WHAT THIS TASK INVOLVES: Find the line holding "PJ Set | Festive" in the entries below. Give it again exactly, along with every line after it up to and including the line holding "Prysznic pod wężem".

RECORDS TO USE:
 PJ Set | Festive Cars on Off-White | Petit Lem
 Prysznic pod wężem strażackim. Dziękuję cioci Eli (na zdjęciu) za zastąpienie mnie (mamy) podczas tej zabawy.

* * *

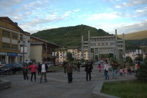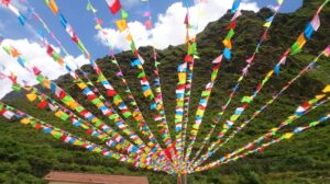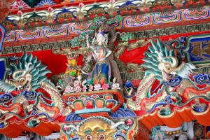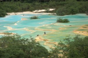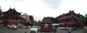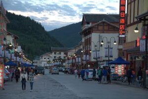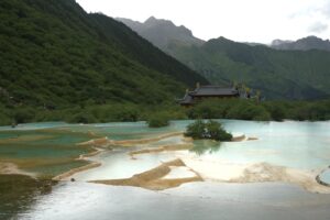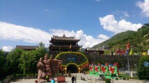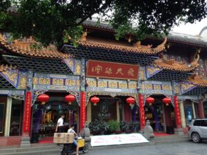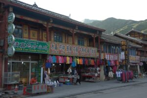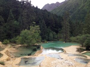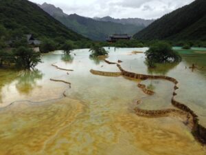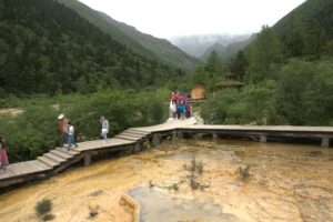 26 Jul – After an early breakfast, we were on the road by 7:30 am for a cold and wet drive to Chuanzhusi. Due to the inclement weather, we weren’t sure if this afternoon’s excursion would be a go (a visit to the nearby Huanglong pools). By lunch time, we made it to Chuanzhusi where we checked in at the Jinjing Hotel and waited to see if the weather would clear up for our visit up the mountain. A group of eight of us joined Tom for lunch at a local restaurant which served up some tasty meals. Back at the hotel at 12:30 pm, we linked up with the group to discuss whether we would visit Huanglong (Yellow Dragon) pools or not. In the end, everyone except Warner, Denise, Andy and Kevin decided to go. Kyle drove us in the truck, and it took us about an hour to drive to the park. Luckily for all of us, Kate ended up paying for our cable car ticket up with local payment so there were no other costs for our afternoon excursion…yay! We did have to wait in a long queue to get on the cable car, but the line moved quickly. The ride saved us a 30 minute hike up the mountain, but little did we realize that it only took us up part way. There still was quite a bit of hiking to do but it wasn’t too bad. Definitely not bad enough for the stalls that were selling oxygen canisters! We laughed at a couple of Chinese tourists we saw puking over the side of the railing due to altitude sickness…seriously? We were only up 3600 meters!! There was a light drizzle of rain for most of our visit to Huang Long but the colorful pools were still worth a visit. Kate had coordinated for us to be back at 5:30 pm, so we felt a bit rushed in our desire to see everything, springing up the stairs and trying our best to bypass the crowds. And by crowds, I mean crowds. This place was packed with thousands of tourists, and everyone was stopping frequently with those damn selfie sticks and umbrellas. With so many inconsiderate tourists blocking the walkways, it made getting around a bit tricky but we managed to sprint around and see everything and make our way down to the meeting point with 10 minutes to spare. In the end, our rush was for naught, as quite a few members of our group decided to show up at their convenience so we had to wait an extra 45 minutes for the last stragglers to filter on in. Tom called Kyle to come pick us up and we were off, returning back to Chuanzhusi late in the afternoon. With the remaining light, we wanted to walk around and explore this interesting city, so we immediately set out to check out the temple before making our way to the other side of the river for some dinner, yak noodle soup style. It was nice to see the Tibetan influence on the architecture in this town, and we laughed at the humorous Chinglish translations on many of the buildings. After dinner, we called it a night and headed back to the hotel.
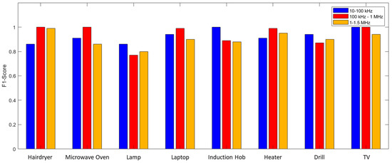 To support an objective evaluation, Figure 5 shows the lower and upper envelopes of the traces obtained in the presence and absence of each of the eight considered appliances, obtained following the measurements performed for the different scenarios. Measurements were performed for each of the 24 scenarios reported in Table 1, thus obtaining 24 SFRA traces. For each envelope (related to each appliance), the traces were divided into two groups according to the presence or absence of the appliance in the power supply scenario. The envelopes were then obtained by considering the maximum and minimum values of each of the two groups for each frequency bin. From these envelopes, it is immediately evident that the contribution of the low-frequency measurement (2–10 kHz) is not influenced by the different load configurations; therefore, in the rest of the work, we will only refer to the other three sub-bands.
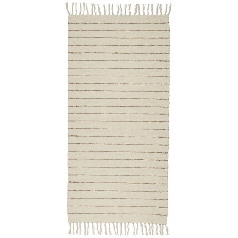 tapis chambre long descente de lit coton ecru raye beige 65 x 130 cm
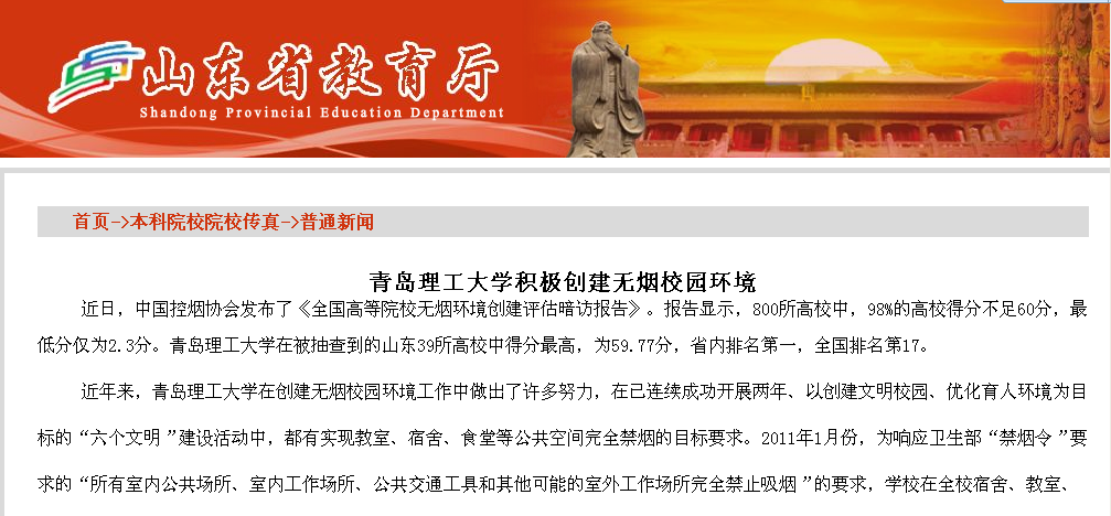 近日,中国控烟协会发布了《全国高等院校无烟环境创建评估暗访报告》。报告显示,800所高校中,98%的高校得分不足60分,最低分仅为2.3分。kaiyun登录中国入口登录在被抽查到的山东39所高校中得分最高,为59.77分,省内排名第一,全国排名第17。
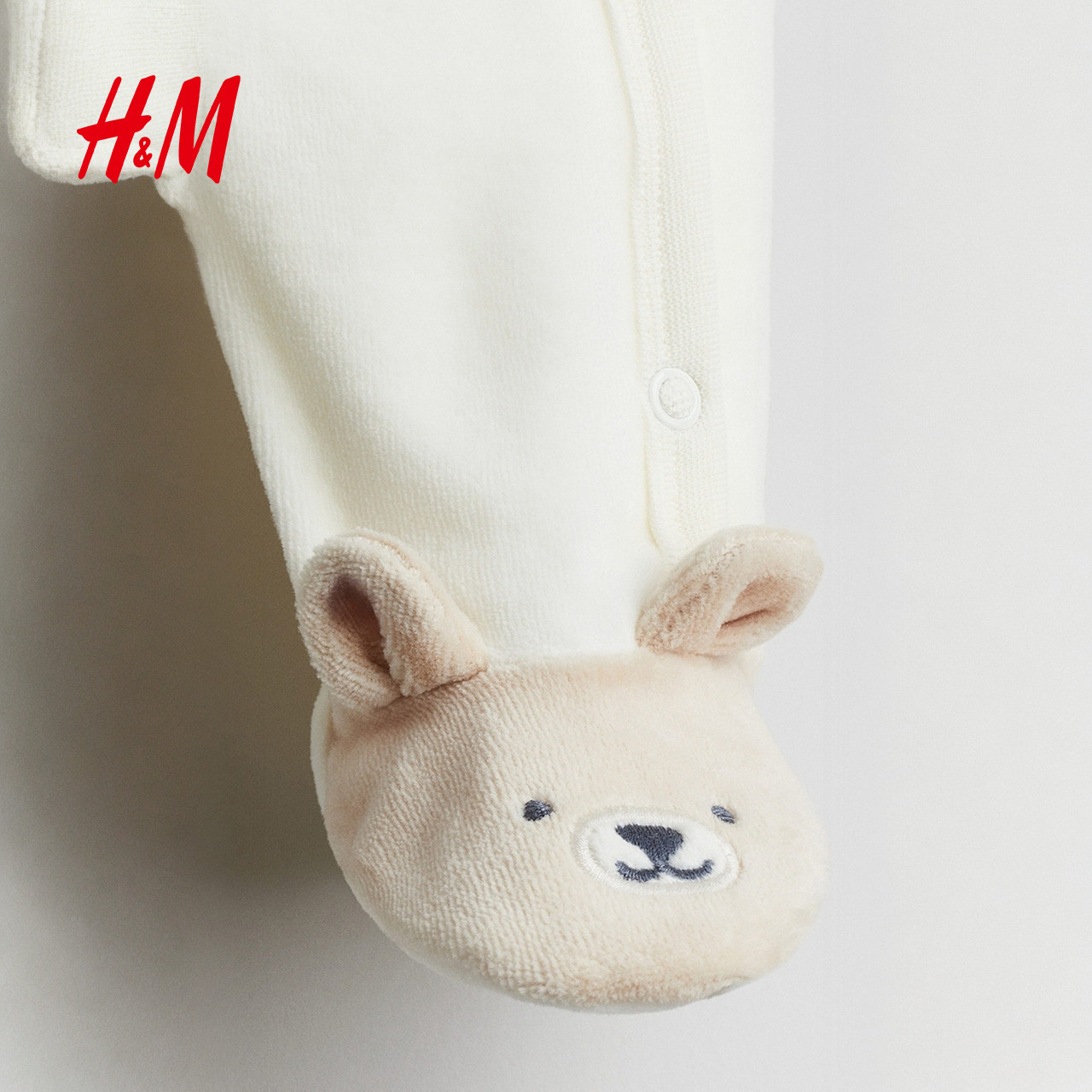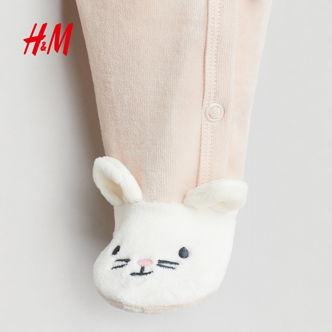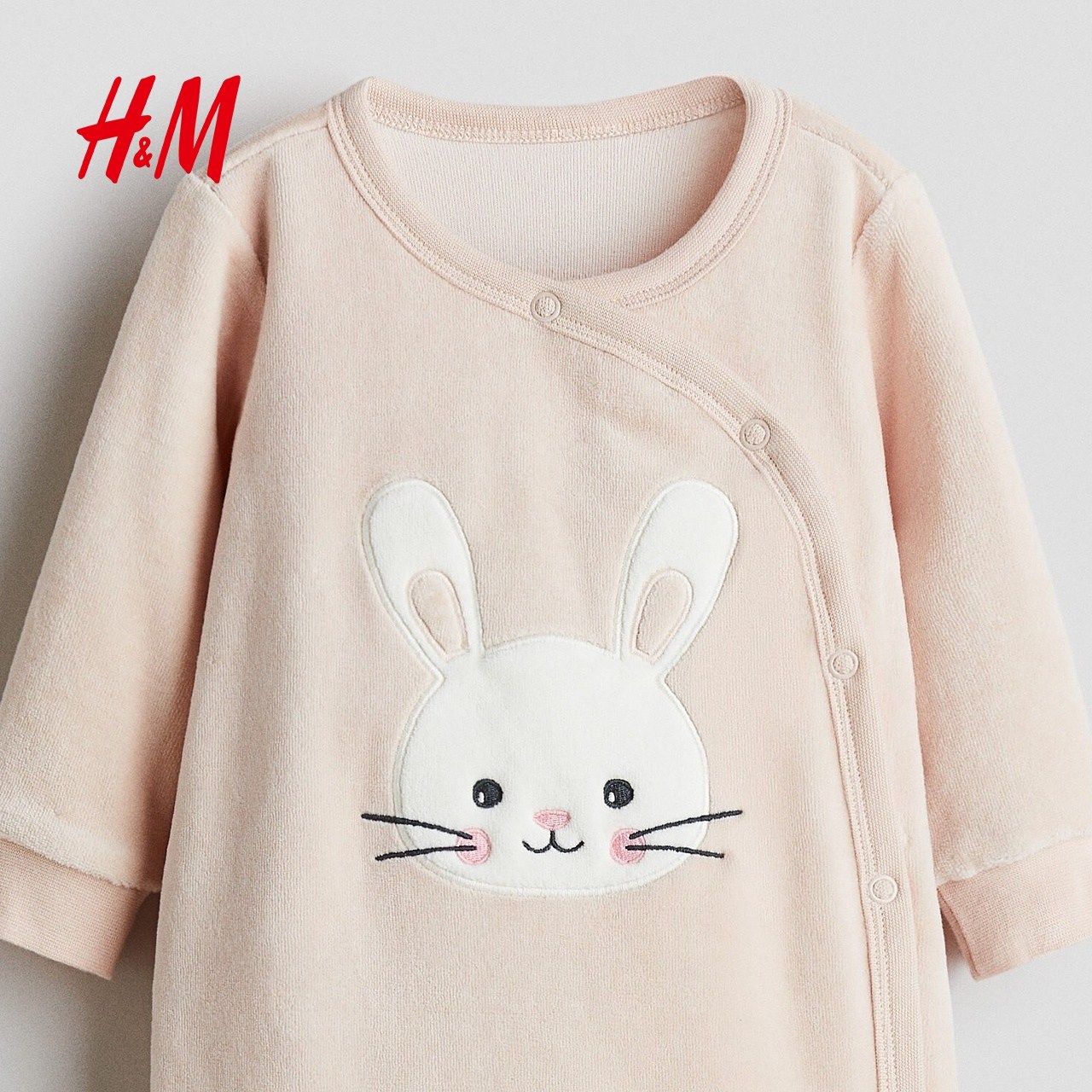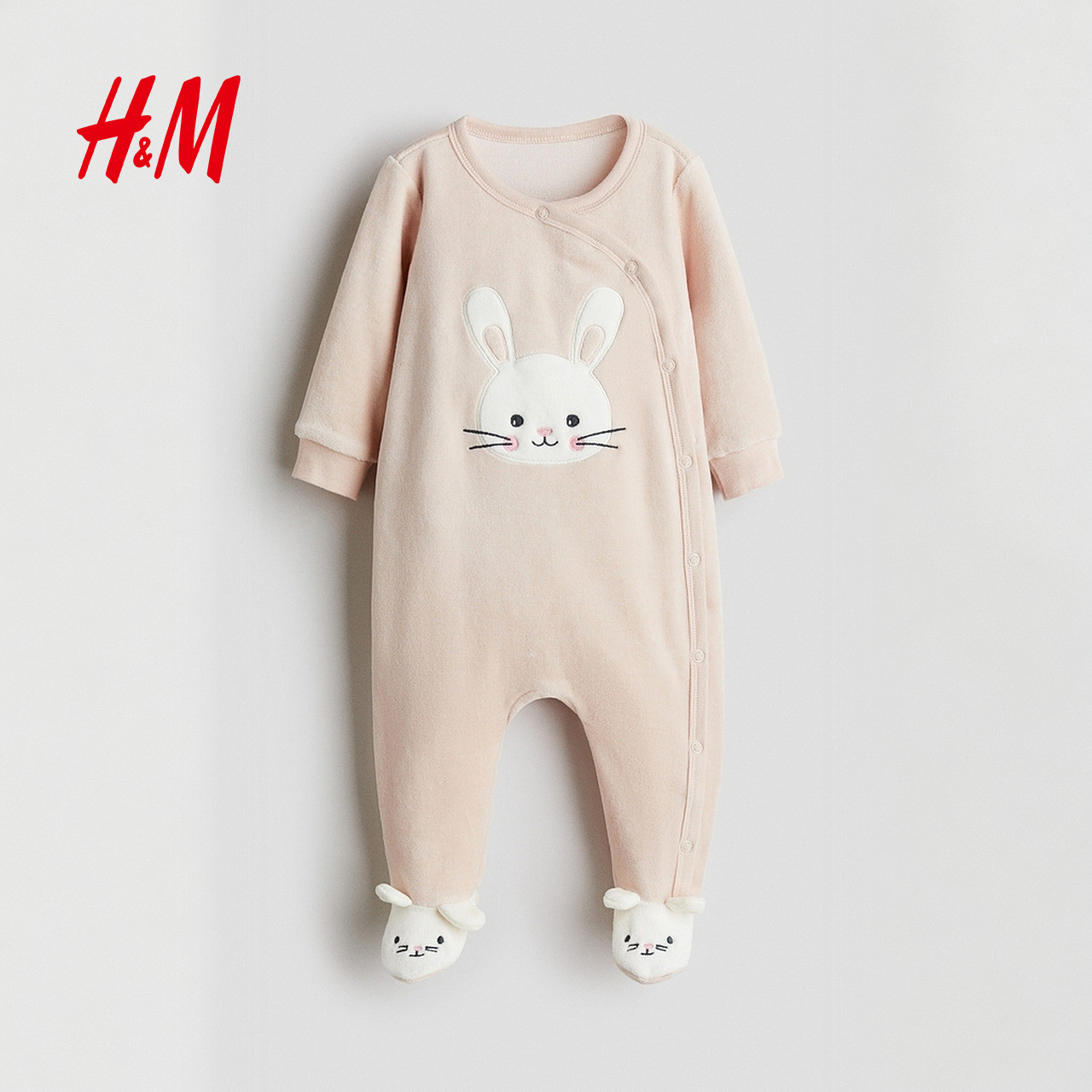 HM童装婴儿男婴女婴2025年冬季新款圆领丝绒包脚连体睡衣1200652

EXPECTED OUTPUT:
 PJ Set | Festive Cars on Off-White | Petit Lem
 Prysznic pod wężem strażackim. Dziękuję cioci Eli (na zdjęciu) za zastąpienie mnie (mamy) podczas tej zabawy.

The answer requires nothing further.